____ GIVEN RECORDS

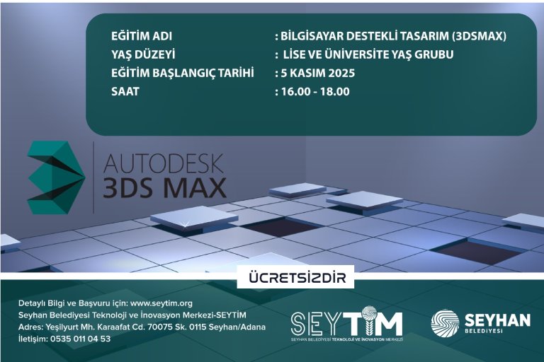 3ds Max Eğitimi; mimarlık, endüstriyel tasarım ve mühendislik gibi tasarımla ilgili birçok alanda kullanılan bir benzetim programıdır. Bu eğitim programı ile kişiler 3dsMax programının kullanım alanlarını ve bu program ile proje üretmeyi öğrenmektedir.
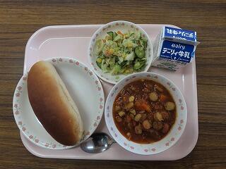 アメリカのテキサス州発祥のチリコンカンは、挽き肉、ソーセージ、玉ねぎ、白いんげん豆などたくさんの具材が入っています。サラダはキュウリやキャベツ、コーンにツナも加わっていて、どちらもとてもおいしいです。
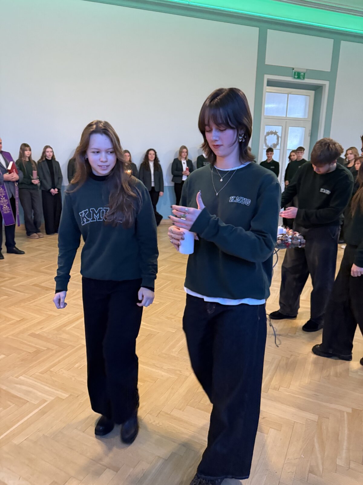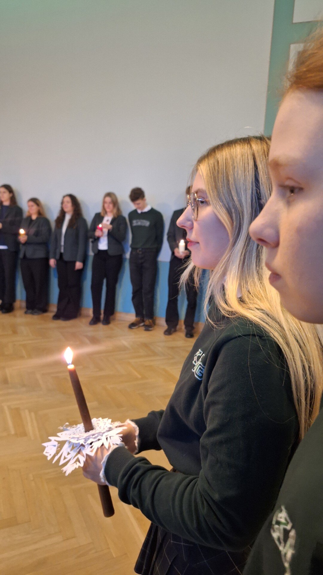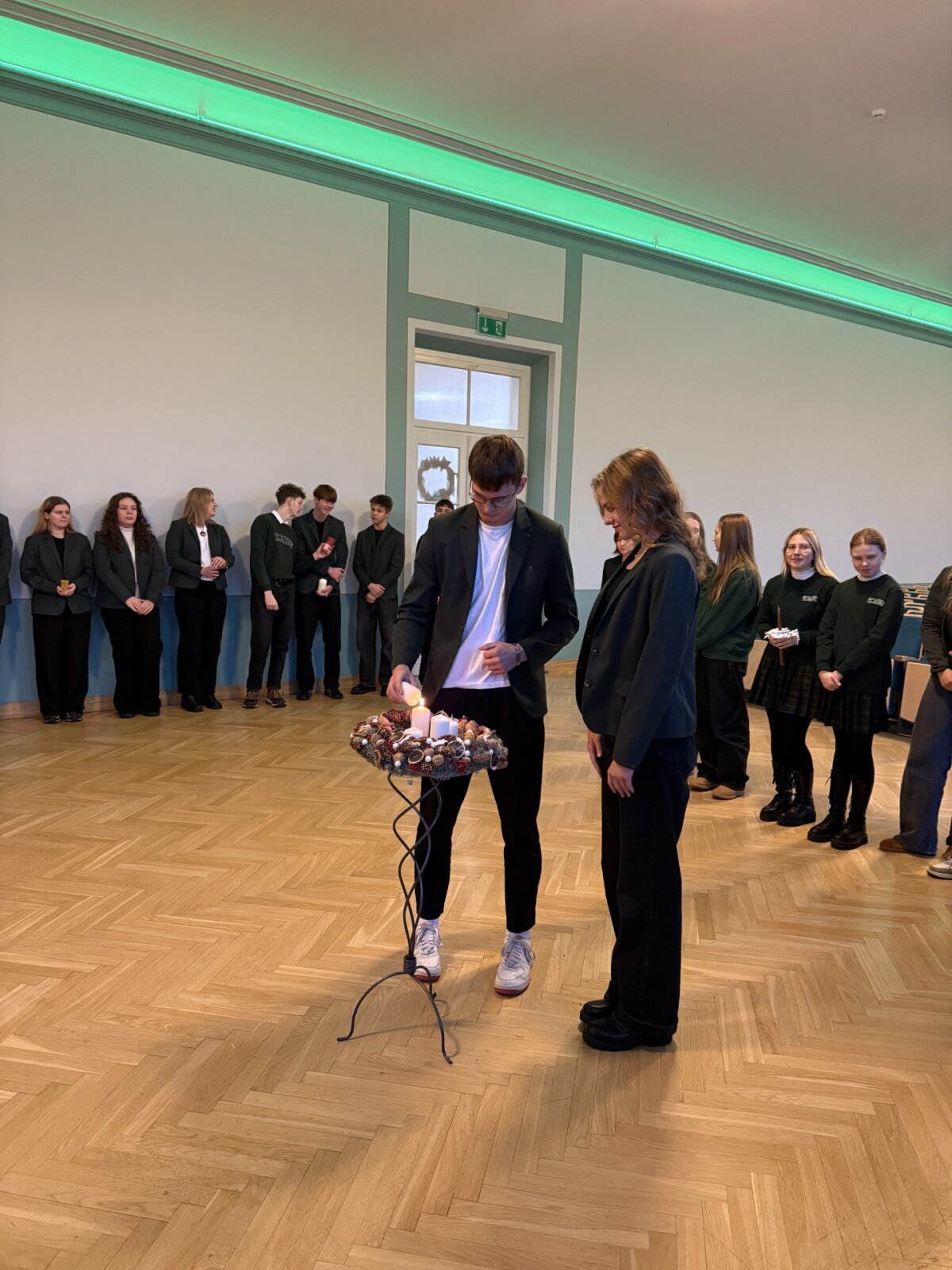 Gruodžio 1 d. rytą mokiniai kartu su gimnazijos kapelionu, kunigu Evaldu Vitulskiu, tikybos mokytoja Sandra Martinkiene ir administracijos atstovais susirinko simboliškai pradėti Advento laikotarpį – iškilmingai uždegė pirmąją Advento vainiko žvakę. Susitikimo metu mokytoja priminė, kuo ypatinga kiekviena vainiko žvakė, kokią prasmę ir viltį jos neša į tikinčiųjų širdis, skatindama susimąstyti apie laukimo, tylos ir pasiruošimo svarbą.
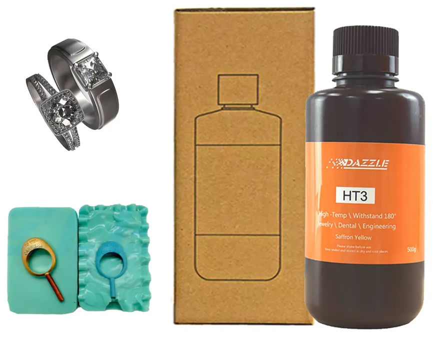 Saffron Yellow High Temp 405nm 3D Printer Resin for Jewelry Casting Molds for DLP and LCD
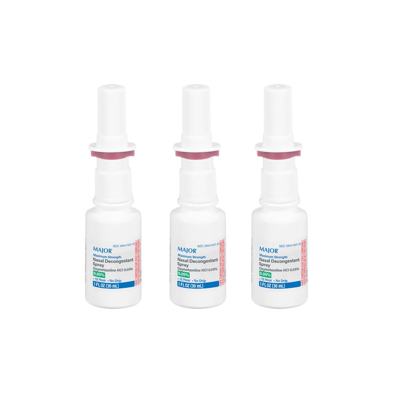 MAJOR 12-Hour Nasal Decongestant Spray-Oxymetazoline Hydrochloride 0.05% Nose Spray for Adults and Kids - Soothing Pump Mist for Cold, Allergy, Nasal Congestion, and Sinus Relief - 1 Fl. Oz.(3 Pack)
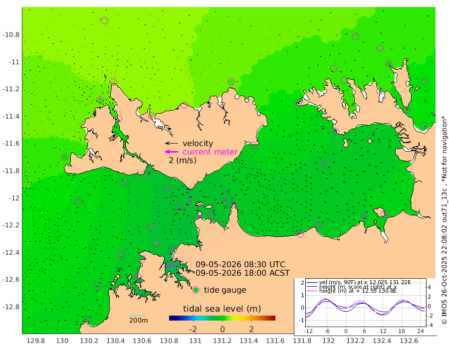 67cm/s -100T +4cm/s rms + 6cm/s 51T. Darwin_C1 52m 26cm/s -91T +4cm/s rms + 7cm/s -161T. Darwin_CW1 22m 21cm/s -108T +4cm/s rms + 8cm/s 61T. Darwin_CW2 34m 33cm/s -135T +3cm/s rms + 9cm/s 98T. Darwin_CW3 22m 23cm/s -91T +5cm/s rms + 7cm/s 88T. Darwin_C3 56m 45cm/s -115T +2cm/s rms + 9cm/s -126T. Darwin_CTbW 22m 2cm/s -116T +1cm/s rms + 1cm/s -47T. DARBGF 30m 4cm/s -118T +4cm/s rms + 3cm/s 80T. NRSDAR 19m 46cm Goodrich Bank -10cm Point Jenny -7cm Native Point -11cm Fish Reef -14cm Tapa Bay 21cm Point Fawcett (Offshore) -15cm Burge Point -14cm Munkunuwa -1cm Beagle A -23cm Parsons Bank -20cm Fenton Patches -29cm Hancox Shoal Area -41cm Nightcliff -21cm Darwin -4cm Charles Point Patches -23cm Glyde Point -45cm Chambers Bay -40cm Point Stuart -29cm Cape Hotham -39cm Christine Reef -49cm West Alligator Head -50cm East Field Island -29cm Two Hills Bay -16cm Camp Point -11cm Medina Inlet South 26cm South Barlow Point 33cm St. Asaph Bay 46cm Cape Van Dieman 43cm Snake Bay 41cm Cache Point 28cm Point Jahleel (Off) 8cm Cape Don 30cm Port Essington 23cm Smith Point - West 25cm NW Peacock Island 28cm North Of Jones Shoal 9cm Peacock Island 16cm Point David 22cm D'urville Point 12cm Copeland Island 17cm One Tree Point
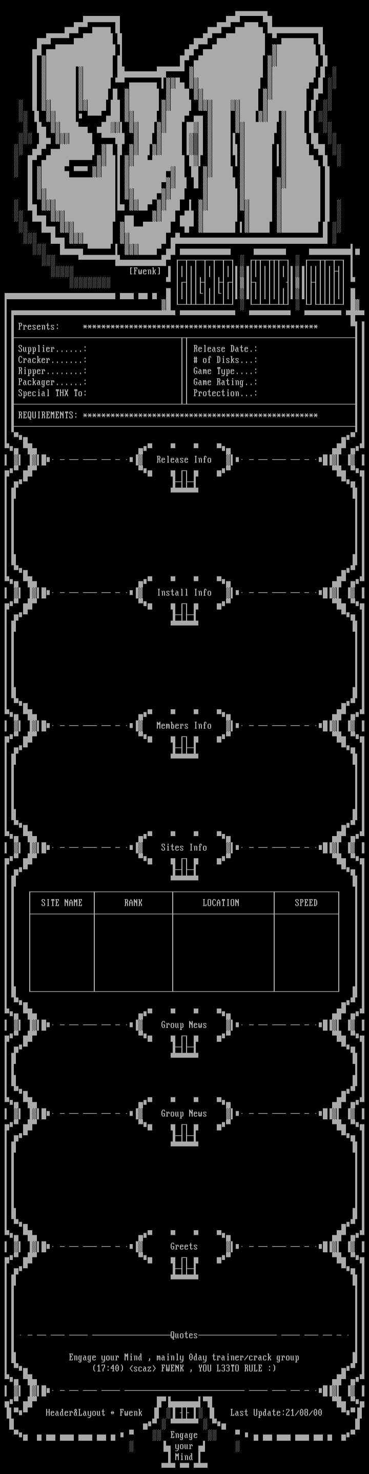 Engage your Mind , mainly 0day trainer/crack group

________

_WORK TO COMPLETE_.
In the listing above, find the line containing "アメリカのテキサス州発祥のチ" and the line containing "Saffron Yellow High", then write out both of them and every line between, exactly, with no pictures.

_OUTPUT FOR THIS TASK_.
 アメリカのテキサス州発祥のチリコンカンは、挽き肉、ソーセージ、玉ねぎ、白いんげん豆などたくさんの具材が入っています。サラダはキュウリやキャベツ、コーンにツナも加わっていて、どちらもとてもおいしいです。
 Gruodžio 1 d. rytą mokiniai kartu su gimnazijos kapelionu, kunigu Evaldu Vitulskiu, tikybos mokytoja Sandra Martinkiene ir administracijos atstovais susirinko simboliškai pradėti Advento laikotarpį – iškilmingai uždegė pirmąją Advento vainiko žvakę. Susitikimo metu mokytoja priminė, kuo ypatinga kiekviena vainiko žvakė, kokią prasmę ir viltį jos neša į tikinčiųjų širdis, skatindama susimąstyti apie laukimo, tylos ir pasiruošimo svarbą.
 Saffron Yellow High Temp 405nm 3D Printer Resin for Jewelry Casting Molds for DLP and LCD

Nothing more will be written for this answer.